Registered: 12/22/05
Posts: 2257
Loc: Northern California, USA
Hi everyone

For the many of you that have read my posts, you know that I am not a big believer in forms training. I personally believe that there are better methods that can be used which are more beneficial to students.
Some of you have been kindly and respectfully suggested that perhaps the reason I do not appreciate forms is because I do not completely understand their hidden meaning or application towards self defense.
I on the other hand have given an examples of a different method of teaching. Such has combining your self defense and step sparrings sets to form a bigger solo set form. For instance if you take 6-7 step sparring sets you could combine them and create a solo form based on realistic moves which you already practice with a partner. However, I have come across a system of TKD which has based thier forms and techniques based around their schools curriculum. Similar to what I have suggested in my earlier posings.

"The "Songahm Star" is the pattern that is formed on the ground if all 18 forms of the Songahm system are completed. In a perfect Songahm Star, the distance from the center point of the star to the top point is nine feet ("feet" being the student's foot length). The total distance from the top point to the bottom point equals 18 feet, representing the number of forms in the Songahm system.

"Martial Art" is a broad term encompassing the many styles of physical discipline (fighting) arts that have been developed over the centuries. To say that the style of Songahm Taekwondo is just another "martial art" would be an oversimplified explanation of the world's largest centrally administered martial art. This system of teaching and training is unequaled in the martial arts community.

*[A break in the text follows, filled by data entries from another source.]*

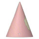 Make the celebration even more adorable with this sleepy cat birthday party hat featuring a pink kitty, tiny party hat illustration, cream label styling, mint bow accents, and cheerful yellow stripes. A sweet matching accessory for a 1st birthday party.
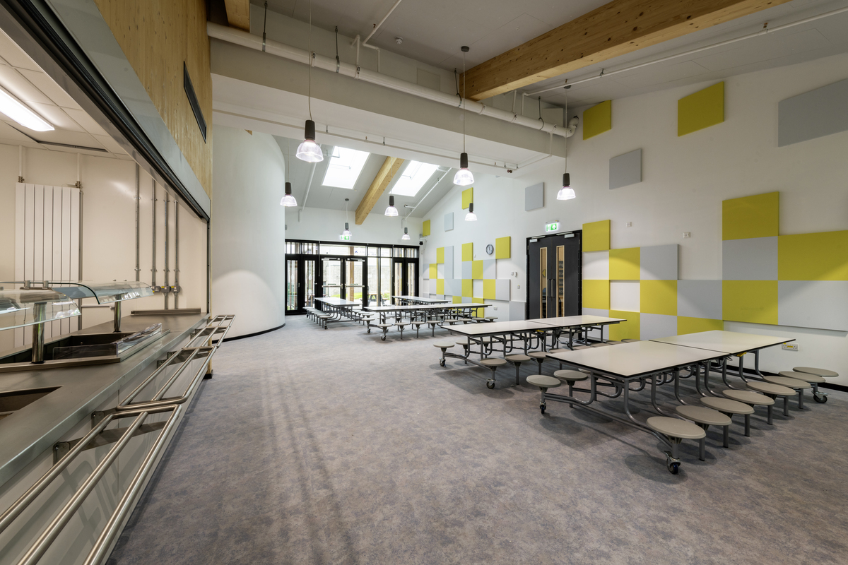 Focus Levels not only helped to maintain the design features in the ceiling but also created a focal point in classrooms and dining halls with a range of Ecophon colours. Kirkliston features several Ecophon solutions across the space, including corridors and toilets where Ecophon Focus™ E XL and Ecophon Hygiene Performance™ A are installed, alongside Gedina E in reception and staff rooms ensuring any ambient noise from communal areas does not interfere with the calming environment essential for learning and staff wellbeing.
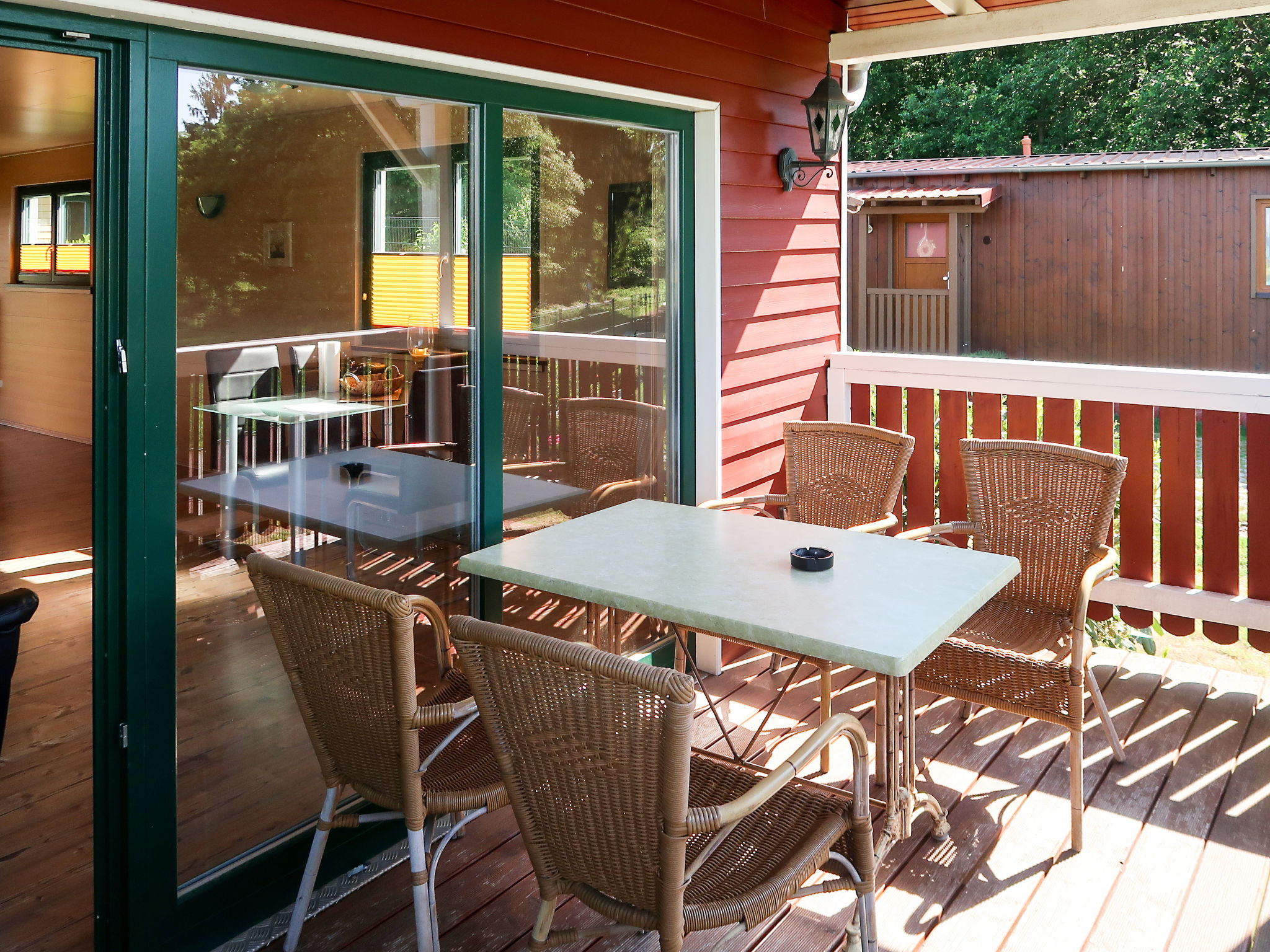 Bungalow 2 pièces 50 m2. Aménagement moderne: séjour/chambre à coucher avec 1 divan-lit double, table pour les repas, TV (satellite) et radio. Sortie sur la terrasse. 1 chambre avec 1 lit double. Cuisine ouverte (4 feux, grille-pain, bouilloire électrique, micro-ondes, cafetière électrique). Douche/WC. Chauffage au gaz. Terrasse. Meubles de terrasse. A disposition: chaise haute pour enfant, lit bébé. Internet (Connexion WIFI, gratuit). Veuillez noter: logement non-fumeur. Maximum 1 animal/ chien autorisé. Détecteur de fumée, extincteur. Le bungalow est librement accessible aux fauteuils roulants.
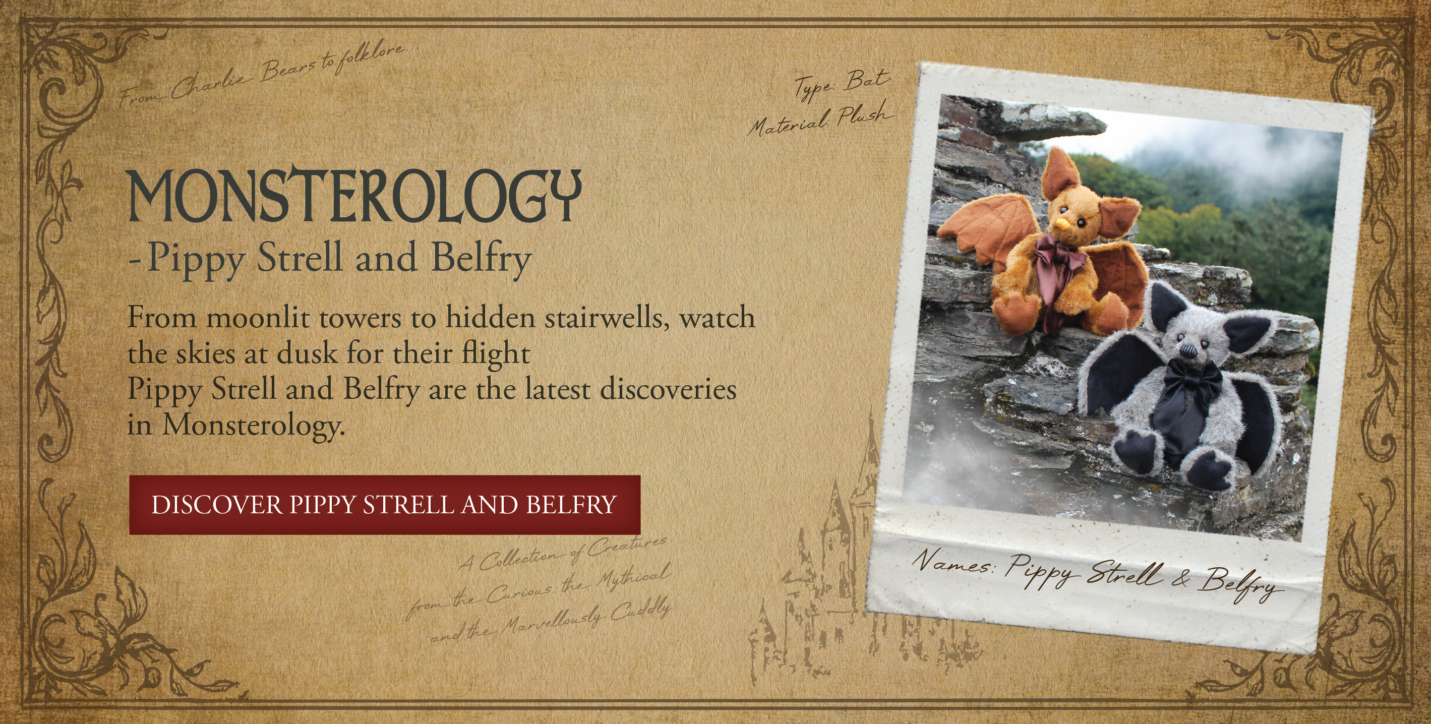 Pippy Strell is an irresistibly cuddly bat, lovingly crafted from soft, short-pile brown plush. With his oversized ears and large, expressive wings, Pippy captures the quirky charm of these nocturnal creatures. He features a delicately hand-embroidered orange nose, charming bat-shaped feet, and a silky chocolate brown bow tied neatly at his neck. Designed with care and character, Pippy Strell is perfect for imaginative play, snuggly companionship or as a unique display piece. Suitable for ages 3 years+. Bat height: 23cm/9”/7.7 Bear Paws
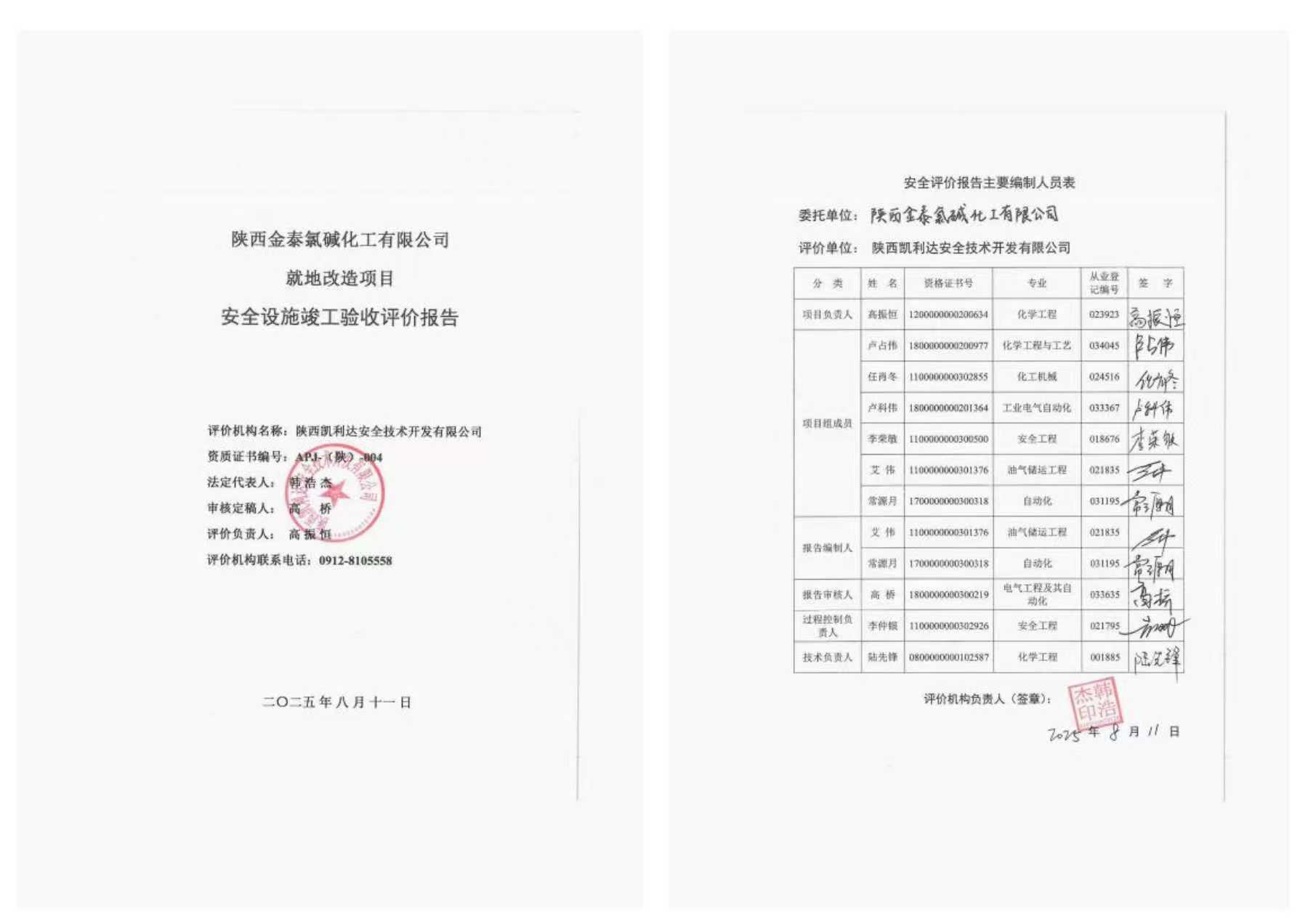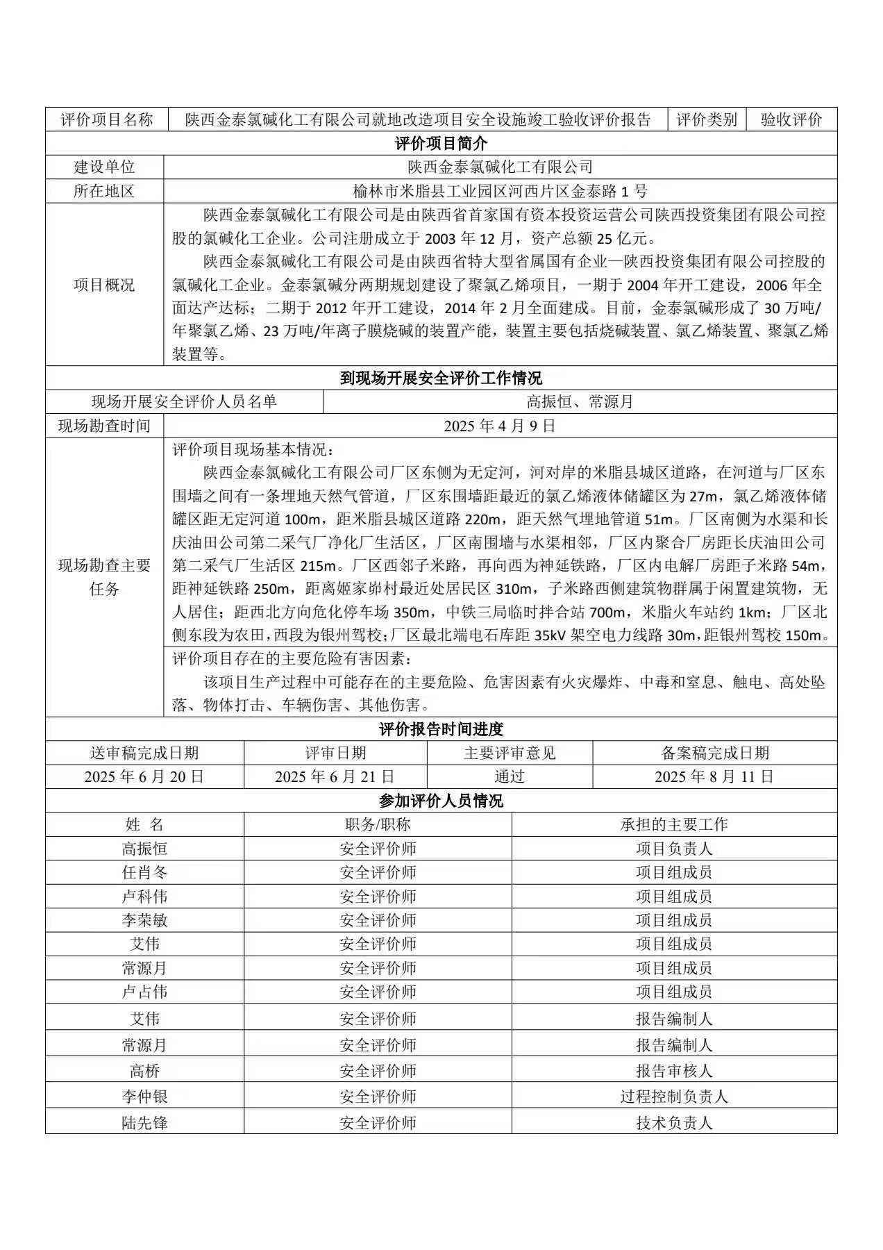陕西金泰氯碱化工有限公司就地改造项目安全设施竣工验收评价报告

During its early years, the ATA used the Chahng-hun style of forms (also used by the International Taekwondo Federation). But although this style was widely accepted in the Taekwondo community, Eternal Grand Master H.U. Lee felt that its forms did not accurately reflect Taekwondo -- particularly the strength and beauty of Taekwondo kicking techniques. As a result, he believed the forms contributed little to the Taekwondo curriculum. For example, white belts were expected to know front kicks and side kicks, but no front kick appeared until the third (yellow belt) form, and there was no side kick until the form after that!

From 1983 to 1990, Eternal Grand Master introduced the eighteen Songahm forms. These forms are part of a fully-integrated curriculum, in which everything a student learns reinforces everything else. The forms contain all or nearly all of the techniques that students are expected to know at each rank, the one-step sparring segments complement the forms, and all of these patterns lead logically to the movements required for each succeeding rank.

The Songahm curriculum facilitates a smooth progression from one rank to the next, so that students who begin Taekwondo feeling they'll never be able to do a simple block (for example) suddenly find themselves a few years later doing 360-degree jumping kicks with ease.

Songahm Taekwondo also focuses on personal development of the mind and body. To say it is just self-defense would be to lose most of the valuable ideas and philosophy behind this ancient art.

The heightened capacity for self-defense resulting from our Taekwondo is really a fringe benefit that is gained by dedicating one's self to the values, philosophy and training of Songahm Taekwondo. When learning, a student is in a true, traditional Taekwondo class, focusing not just on the physical but also on discipline, honor, self-control, respect, courtesy, perseverance and loyalty.

A beginner does not focus on being a skilled martial artist within a month or two, as a strong foundation in Taekwondo must be built first. Trying to advance beyond your level without proper guidance is like building a house on concrete that has not dried. Though the house may still stand, the foundation would not be as strong and the appearance of the house may not be as presentable.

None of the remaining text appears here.